While this reflects a group of market skeptics, it also creates the potential for a short squeeze. This phenomenon occurs when a stream of positive news, such as a successful New York City demo, forces short sellers to abandon their negative bets by buying back shares. That wave of buying pressure can, in turn, trigger a rapid, powerful upward surge in the stock price.

This potential is amplified by recent trends in the options market. The volume of call options, contracts that represent a bet on the stock's price rising, recently surged by 40%. This indicates that a growing number of sophisticated traders are positioning for near-term upside.

This speculative interest is further supported by Joby's track record of solid financial execution.

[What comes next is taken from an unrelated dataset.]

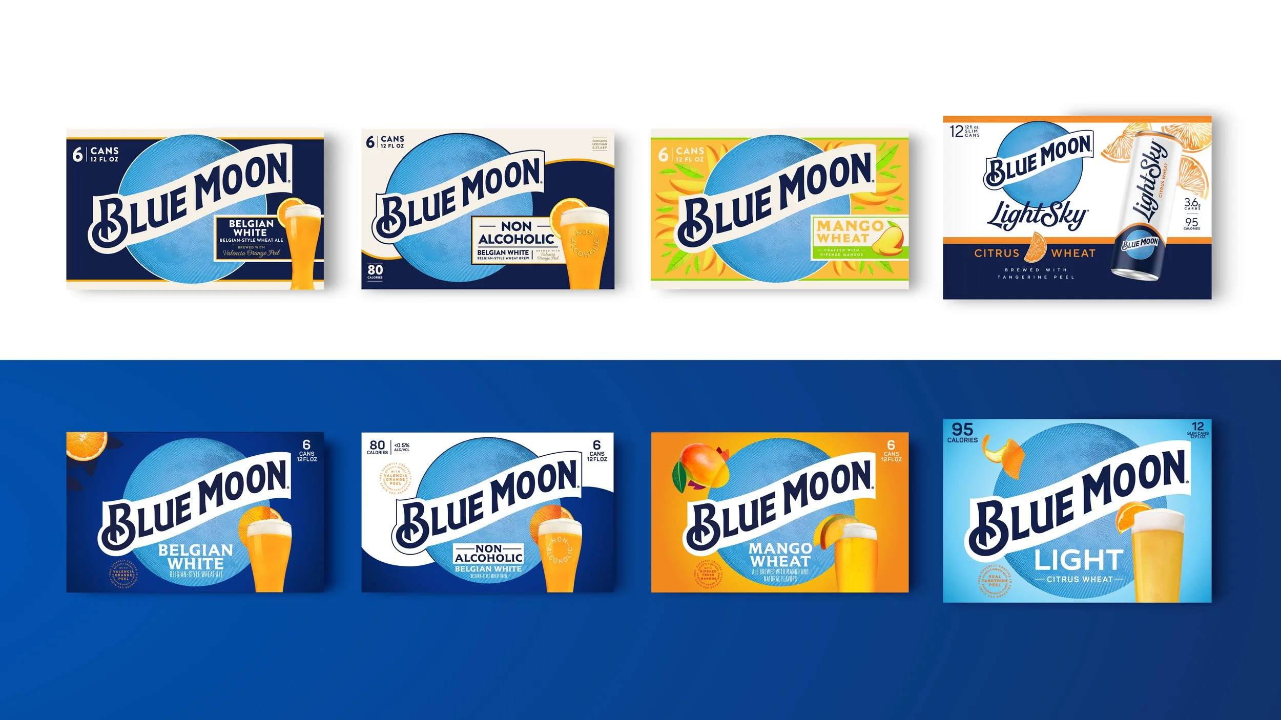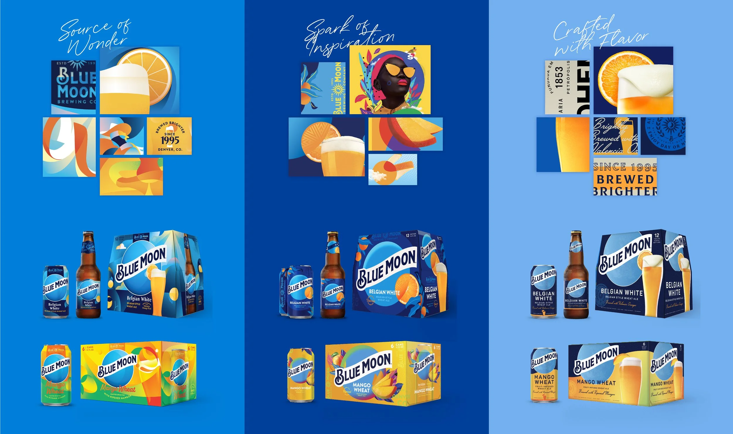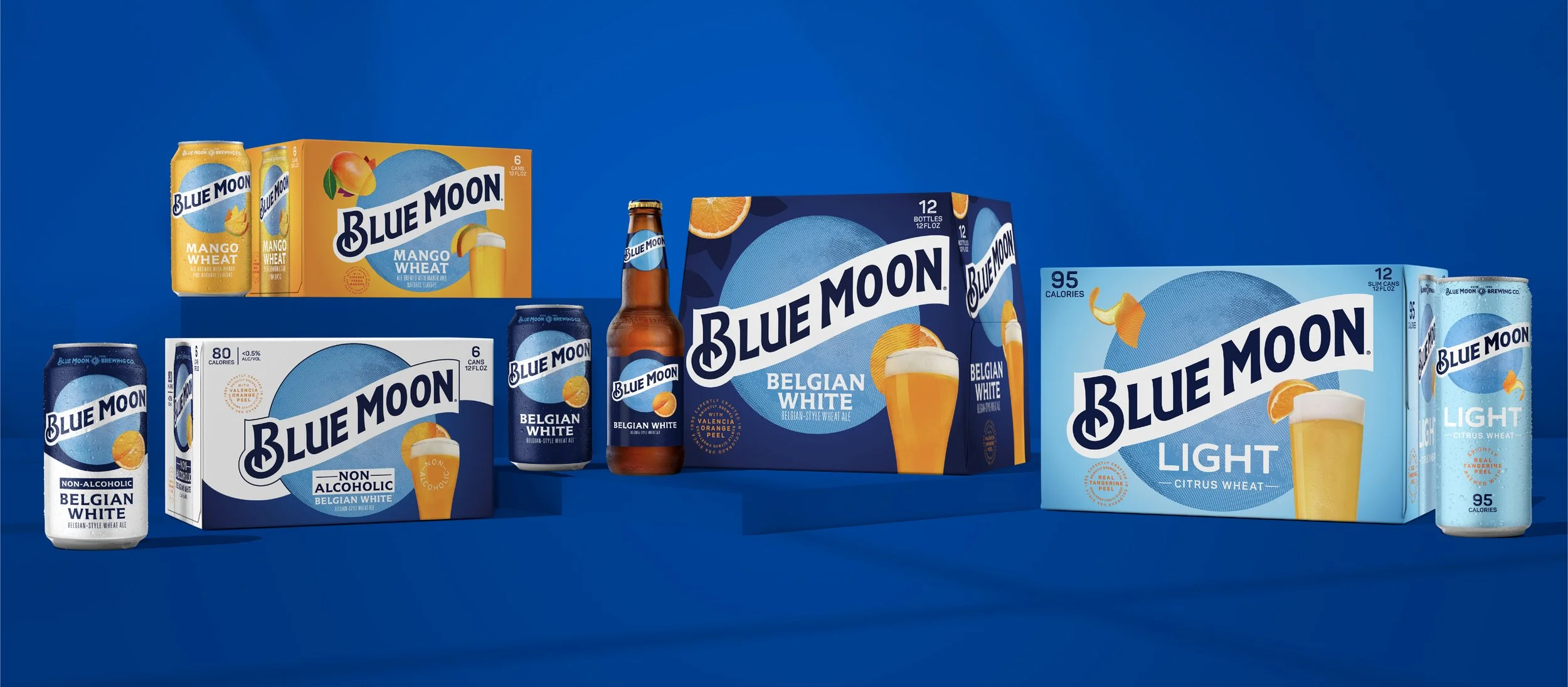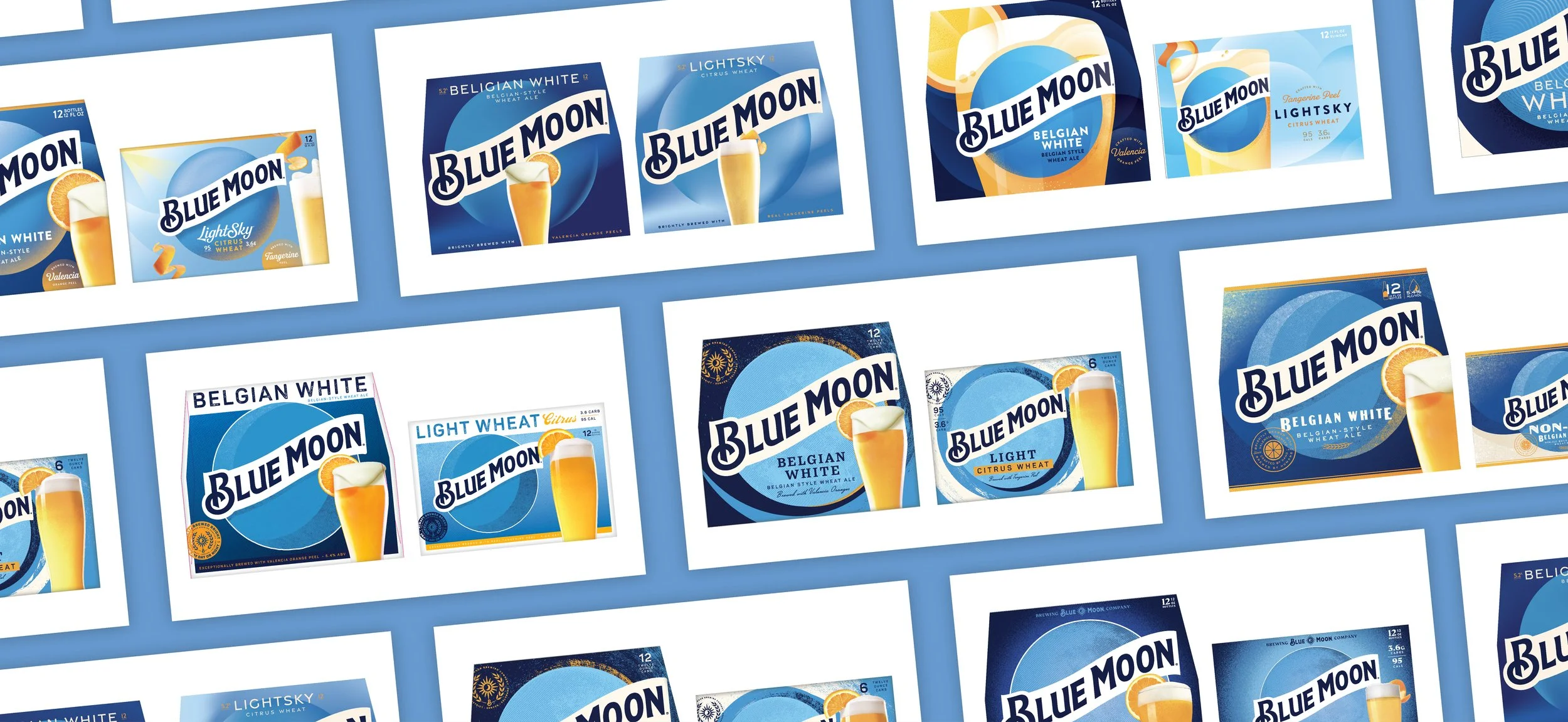 The redesign develops a visual identity system that unifies the packaging for the family of brands and extended across consumer touch-points. The design system incorporates an inspiration of brightness and creativity from the moon, while creating crafted storytelling moments that tie to the brewing credentials of the Blue Moon Brewing Co.

During its fourth-quarter 2025 earnings report, Joby comfortably beat analyst expectations on both revenue and earnings per share, demonstrating its ability to manage its finances effectively while advancing toward its ambitious goals.

Your Ticket to the Future of Transport

Joby Aviation has successfully navigated the challenging transition from a company with a futuristic idea to an operator with proven capabilities and a clear, multi-market commercialization strategy. The successful New York City flights have sharply de-risked the investment thesis by proving the technology is viable in a complex, real-world environment.

While the consensus analyst rating remains cautious, the average price target is $13.81, implying potential upside of more than 50%, with some bullish analysts seeing the stock reaching $18. This disparity suggests that the market may still be catching up to Joby’s recent string of successes.

For investors, the path forward requires monitoring key milestones. The timeline for final FAA certification and Joby’s ability to scale its manufacturing operations efficiently remain paramount. Joby's capital needs and cash runway will be closely scrutinized as it prepares for the expensive phase of a full commercial launch. Those considering the stock should look to the upcoming first-quarter 2026 earnings report on May 5 as the next major data point. This will provide a fresh look at Joby’s financial health and offer management’s latest perspective on the timeline to bring air taxis to a city near you.